Assigned task
Reproduce, exactly and only, the lines of the data that follows from the one containing "2pcs Rustic Red" down to the one containing "In P(z) plots: Yellow", without pictures.

============

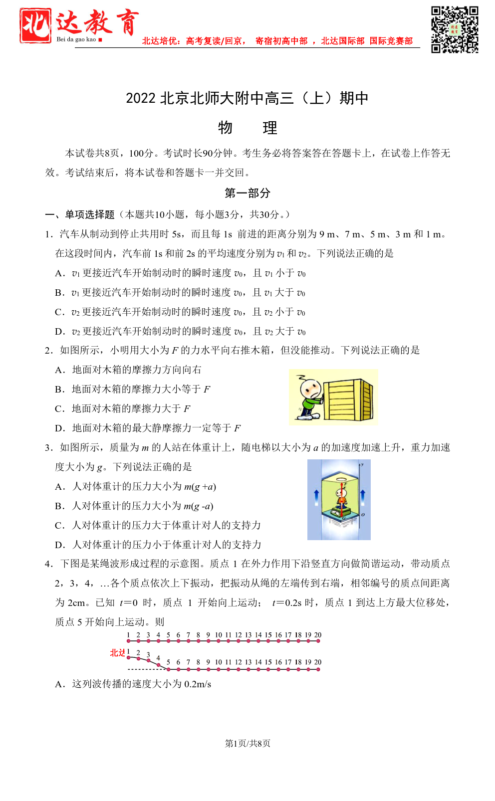北京admw360教研组为大家整理了2023届北师大二附中高三(上)物理期中试题,分享给大家,赶紧下载练习起来吧。
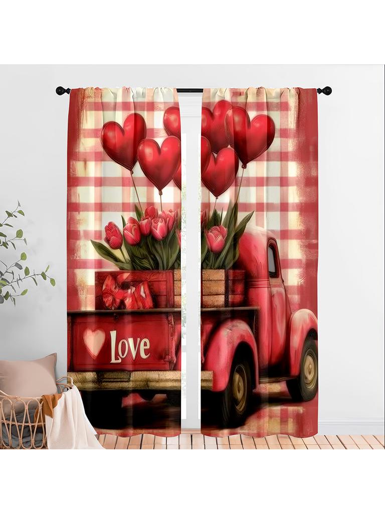 2pcs Rustic Red Truck & Love Heart Curtains Perfect for Valentine's Day Window Decor Rod Pocket Curtains
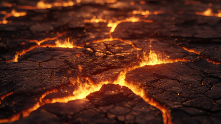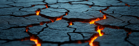 Cracked earth with glowing lava fissures, abstract background.
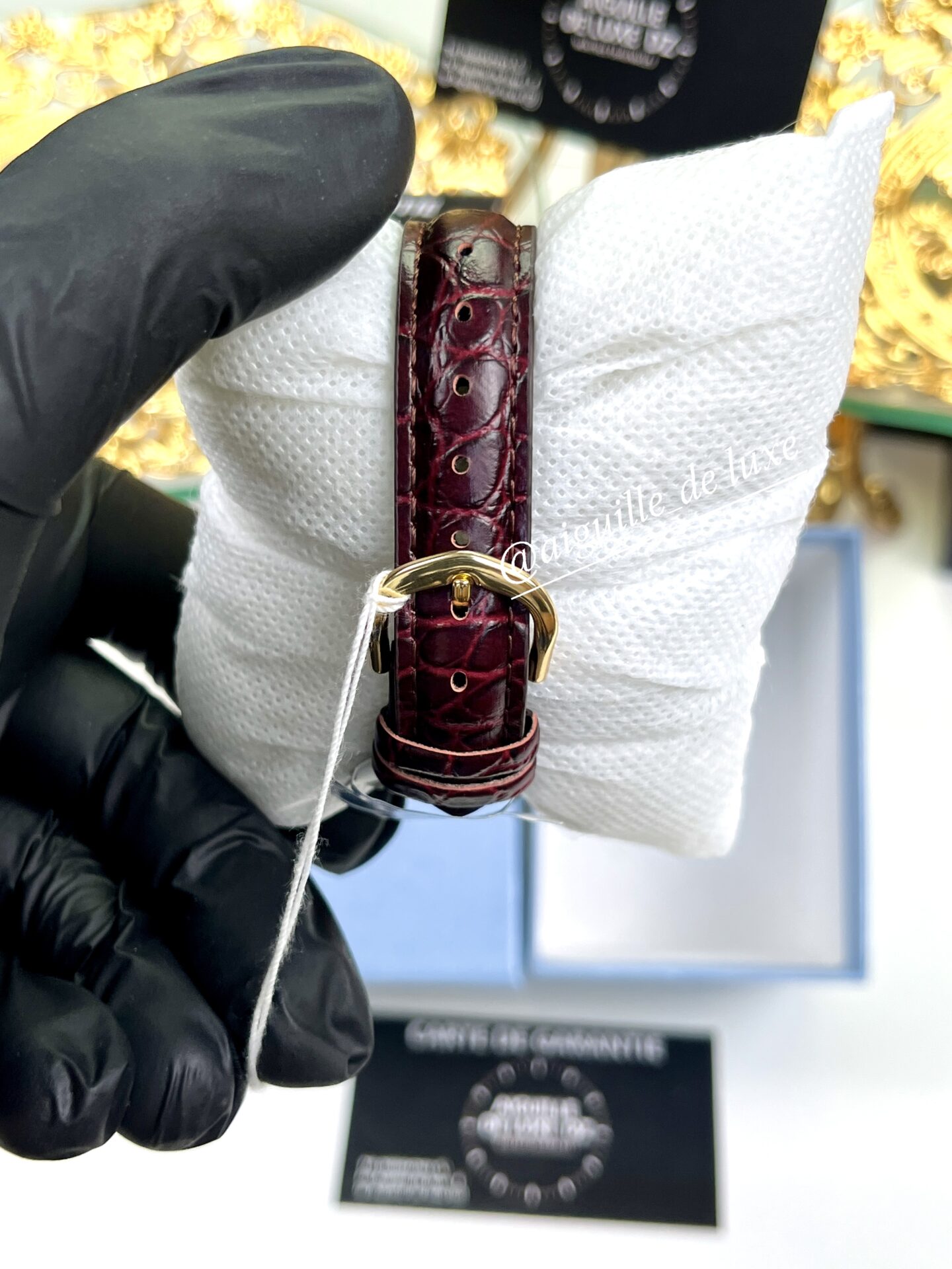 Le bracelet en cuir véritable, associé à une boucle ardillon classique, apporte une touche de luxe et facilite l’ajustement. Robuste tout en restant délicat, il met en valeur le design raffiné de la montre.
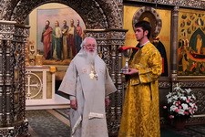Его Высокопреосвященству сослужили и.о. наместника монастыря иеромонах Антоний (Битьмаев), насельники обители иеромонахи Борис (Григорьев) и Пантелеимон (Шахтахтинский), клирик Софийского собора иерей Николай Полозов.
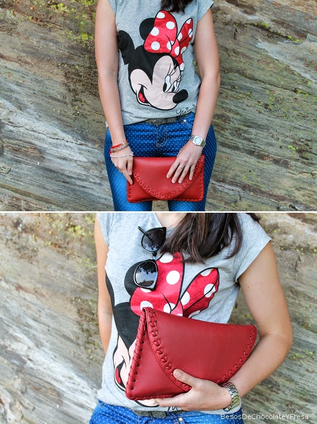 For this occasion wearing my new jeans moles in tank Minnie Mouse in gray and red accents, as well as what I wear on the clutch and bracelet dragonfly The Pulserería, and feet dancers brightness to give a chic touch.
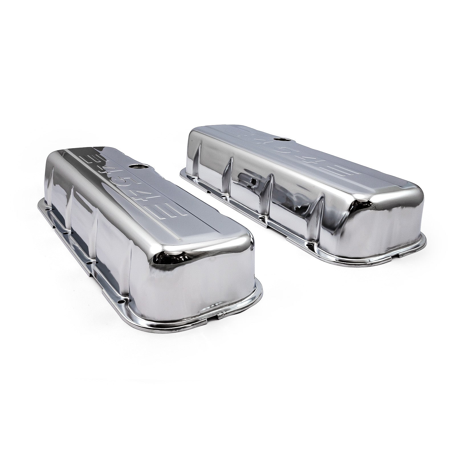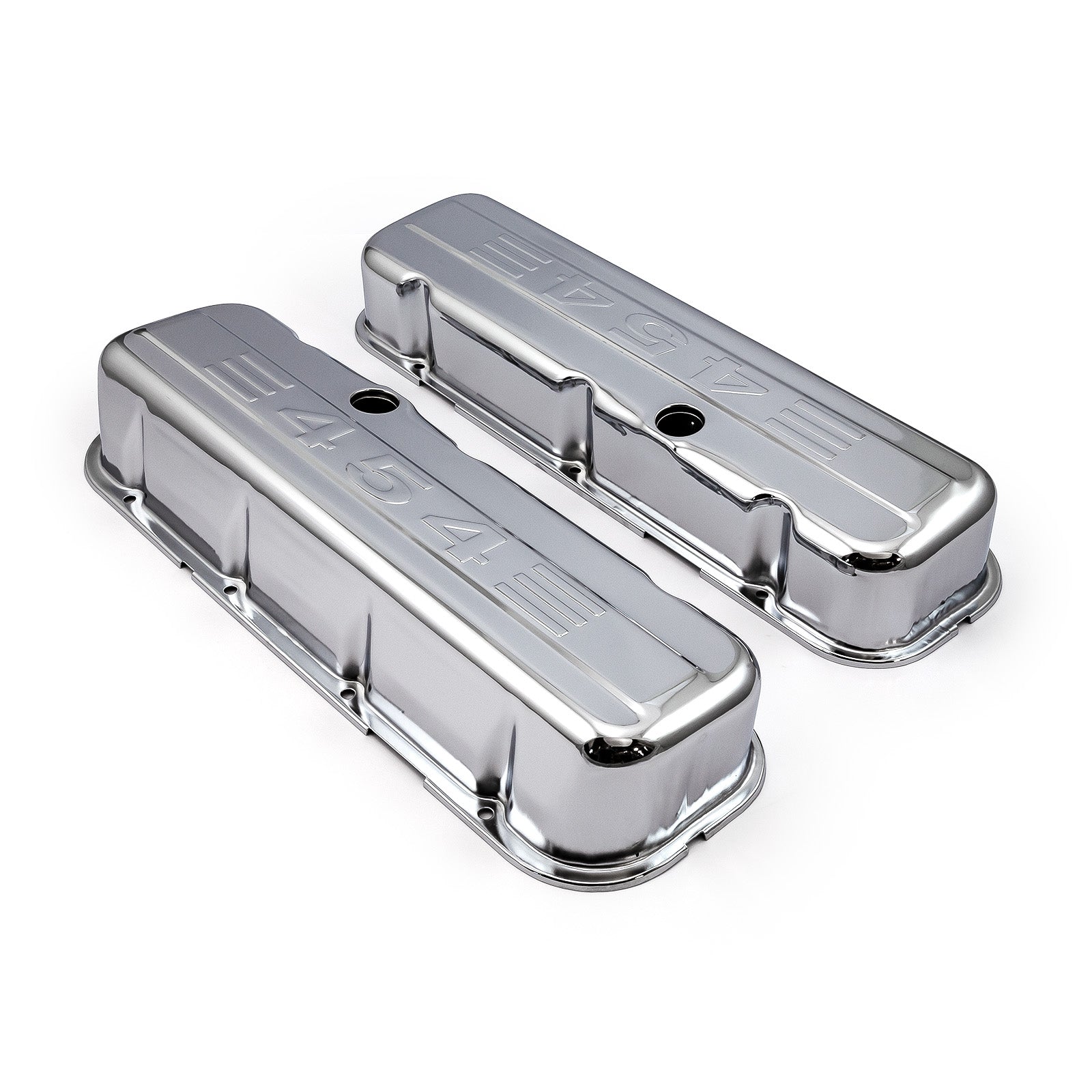 Tapas de válvulas de acero cromado "454 Stamped" para Chevy BBC 454 - Altas con orificio deflector
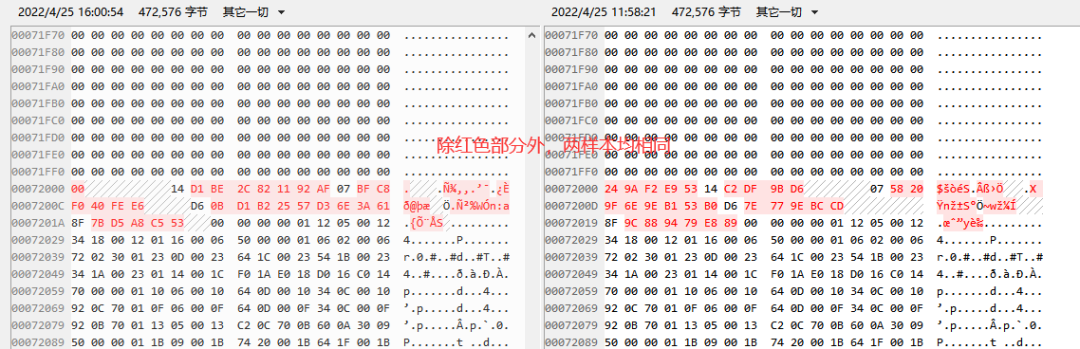 Emotet木马具有成熟的免杀方案,对于主模块和下载执行的子模块均会添加随机字节改变样本哈希。以两次下发的同一子模块对比为例:
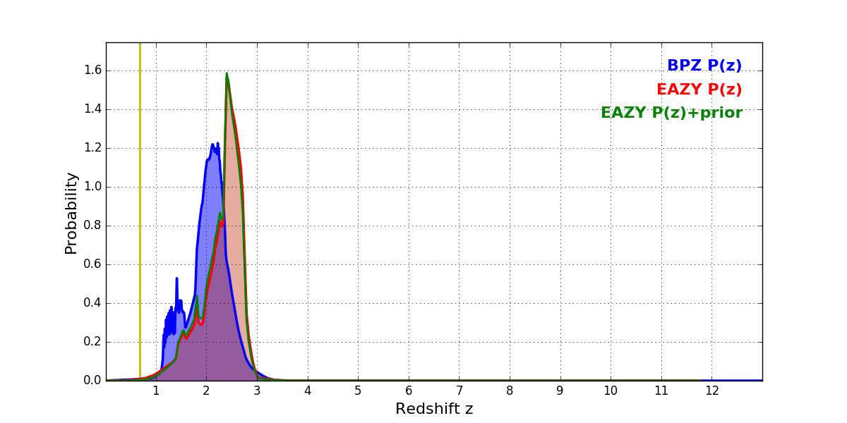 In P(z) plots: Yellow lines mark the cluster redshift z = 0.677,
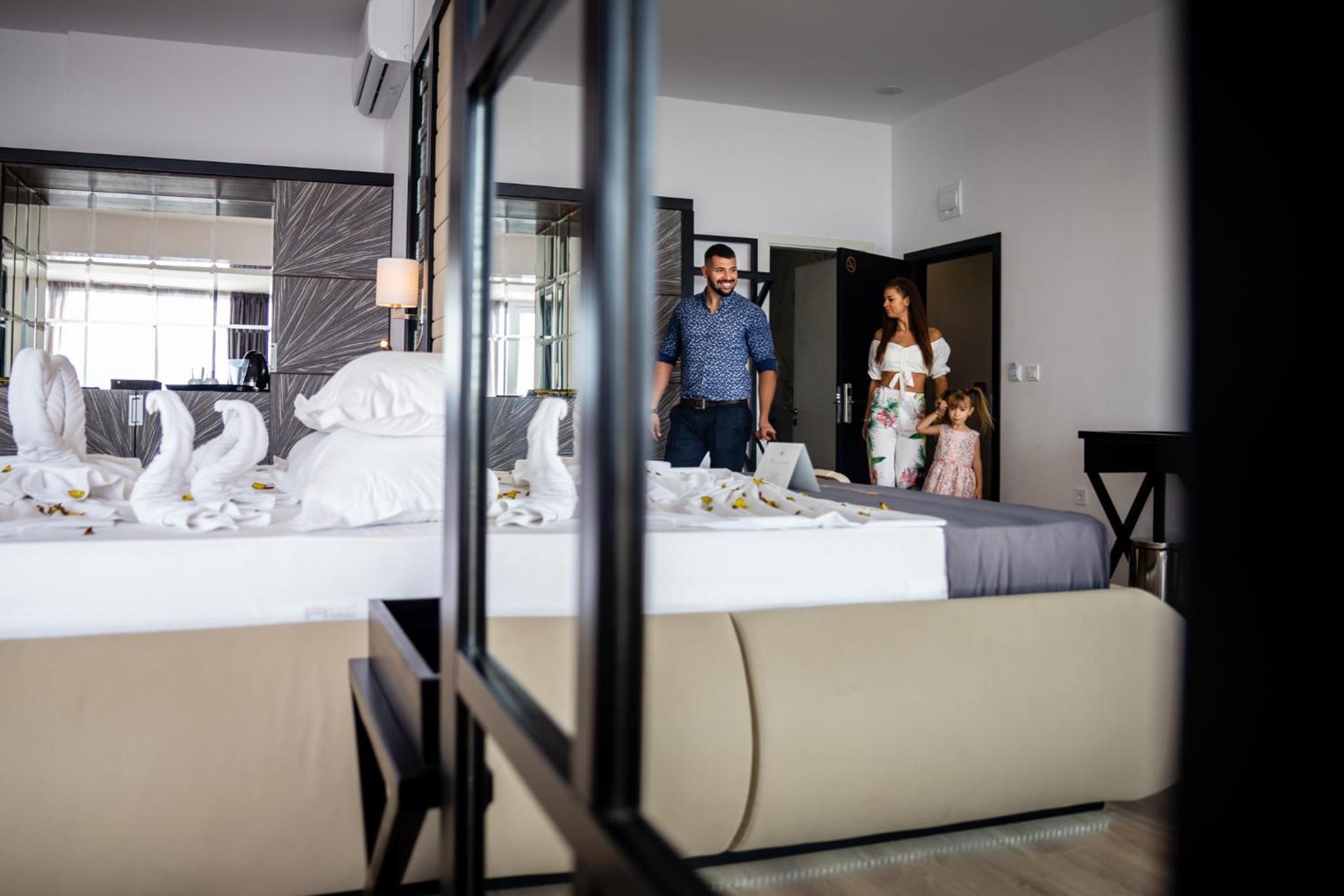 Не сподобалось те, що ми бронювали номери в готелі Prestige Deluxe Hotel Aquapark Club, а по ітогу нас переселили в Prestige Aquapark. Причина: готель мав закриватись через 2 дні після нашого приїзду. Чи повідомили це нам- ні. Ні Booking, через який бронювала номер я, ні готель туристичного оператора, через якого бронювала тур моя подруга. По ітогу: ми замовили таксі саме в цей готель, а валізи мали нести в інших готель (по сходам, важкі валізи, мами з втомленними дітьми, посеред ночі). Після наполегливих натяків, що нам в цьому мають допомогти- нам звісно допомогли. Нормальної відповіді на питання чому ніхто не попередив- не отримали (думаю і не планували). Ми хотіли саме в цей готель, бо там зручна зона барбекю/ піци+ морозиво з 10 до 17. ), - батьки зрозуміють що це немаловажно, оскільки в готелі Аквапарк це можна отримати тільки в обід в самому ресторані, а не в проміжках між зазначеними періодами сніданок/ обід/ вечеря. В цьому готелі більшість номерів без нормальних сейфів. (нормальний в моєму розумінні- це кодовий замок, а по ітогу отримуємо сейф на ключі, який на руки не видають, можна відкривати і закривати, викликаючи людину з рецепції.). Зручність даного процесу- максимально незручна. Прибирання - не стабільне. Іноді гарно, іноді рушники забрали і нові не надали. Хотично, залежить від зміни. В дні прибирання спокійно можуть проігнорувати пісок на підлозі, а потрібно знов шукати і просити щоб пропилососили.

============

Your solution
 2pcs Rustic Red Truck & Love Heart Curtains Perfect for Valentine's Day Window Decor Rod Pocket Curtains
 Cracked earth with glowing lava fissures, abstract background.
 Le bracelet en cuir véritable, associé à une boucle ardillon classique, apporte une touche de luxe et facilite l’ajustement. Robuste tout en restant délicat, il met en valeur le design raffiné de la montre.
Его Высокопреосвященству сослужили и.о. наместника монастыря иеромонах Антоний (Битьмаев), насельники обители иеромонахи Борис (Григорьев) и Пантелеимон (Шахтахтинский), клирик Софийского собора иерей Николай Полозов.
 For this occasion wearing my new jeans moles in tank Minnie Mouse in gray and red accents, as well as what I wear on the clutch and bracelet dragonfly The Pulserería, and feet dancers brightness to give a chic touch.
 Tapas de válvulas de acero cromado "454 Stamped" para Chevy BBC 454 - Altas con orificio deflector
 Emotet木马具有成熟的免杀方案,对于主模块和下载执行的子模块均会添加随机字节改变样本哈希。以两次下发的同一子模块对比为例:
 In P(z) plots: Yellow lines mark the cluster redshift z = 0.677,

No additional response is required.